Being an educator in Gaza, this weather causes deep concern. My students are not figures in a report; they are faces I recognize; bright, resilient, but profoundly exhausted. Most join virtual lessons from tents; others from overcrowded shelters where personal space doesn't exist and connectivity unreliable. Many of my students have already suffered personal loss. Most have been rendered homeless. Yet they continue their education. Their perseverance is astounding, but it must not be demanded in this way.

In Gaza, what would normally count as routine academic practices—tasks, schedules—turn into questions of conscience, influenced daily by concern for students’ safety, warmth and access to shelter.

When the storm rages, I find myself thinking about them. Is their shelter holding? Do they feel any warmth? Did the wind tear through their shelter while they were trying to sleep? For those remaining in apartments, or the shells that are left, there is no heating. With electricity mostly absent and fuel rare, warmth comes mainly from bundling up and using any remaining covers. Even so, cold nights are intolerable. What about those living in tents?

The Humanitarian Shortfall

Figures show that more than a million people in Gaza live in shelters. Humanitarian assistance, including insulated tents, have been far from enough.

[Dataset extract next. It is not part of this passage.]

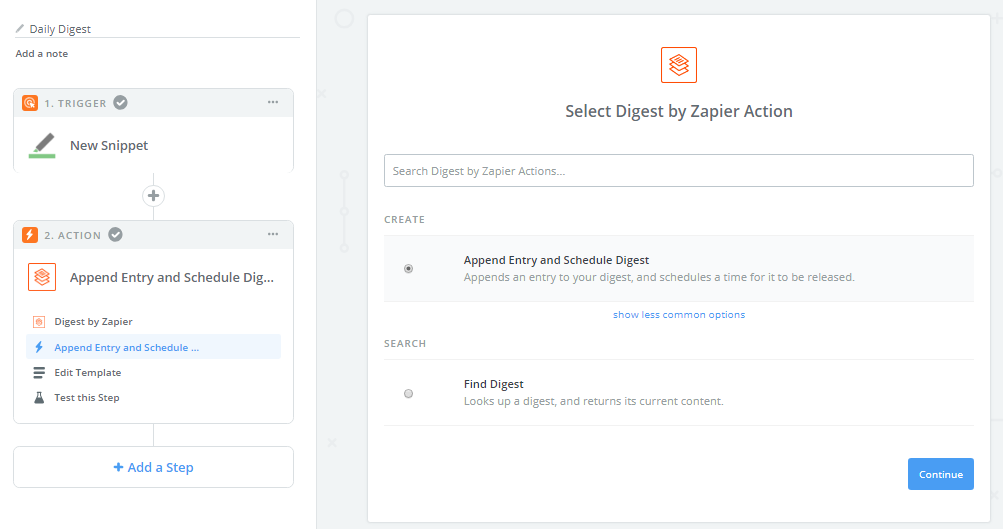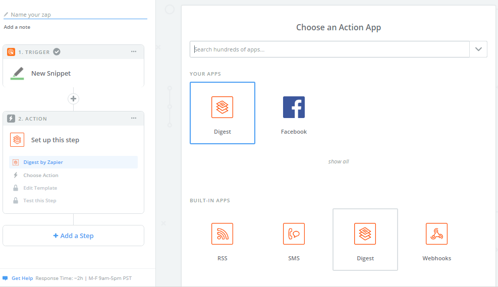 In our case Digest from Zapier. Select the Digest icon from the list of application.

Amid the last tempest, humanitarian partners reported providing plastic sheets, tents and mattresses to a multitude of people. On the ground, however, this assistance was widely experienced as uneven and inadequate, limited to band-aid measures that did little against ongoing suffering to cold, wind and rain. Shelters fail. Respiratory illnesses, hypothermia, and infections linked to damp conditions are increasing.

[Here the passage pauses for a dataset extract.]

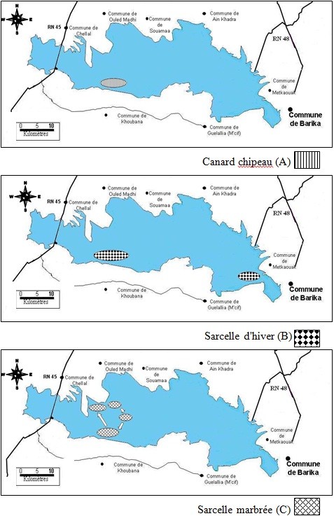 Figure n° 15. Occupation spatiale du Chott El Hodna par le Canard chipeau (A), la Sarcelle d’hiver (B) et la Sarcelle marbrée (C)

This goes beyond an unforeseen disaster. Winter is an annual event. People in Gaza interpret this shortcoming not as fate, but as abandonment. People speak of how essential materials are restricted or delayed, while attempts to reinforce weakened structures are frequently blocked. Community efforts have tried to improvise, to distribute plastic sheeting, yet they remain limited by bureaucratic barriers. The root cause is political and humanitarian. Solutions exist, but are kept out.

An Unnecessary Pain

What makes this suffering especially agonizing is how avoidable it could have been. No individual ought to study, raise children, or combat disease standing ankle-deep in cold water inside a tent. No student should fear the rain ruining their last notebook. Rain exposes just how precarious existence is. It tests bodies worn down by pressure, weariness, and sorrow.

The current cold season coincides with the Christmas season that, for millions, represents warmth, refuge and care for the neediest. In Palestine, that {symbolism

Nicole Jackson
Nicole Jackson

A seasoned gaming enthusiast with over a decade of experience in lottery analysis and casino reviews.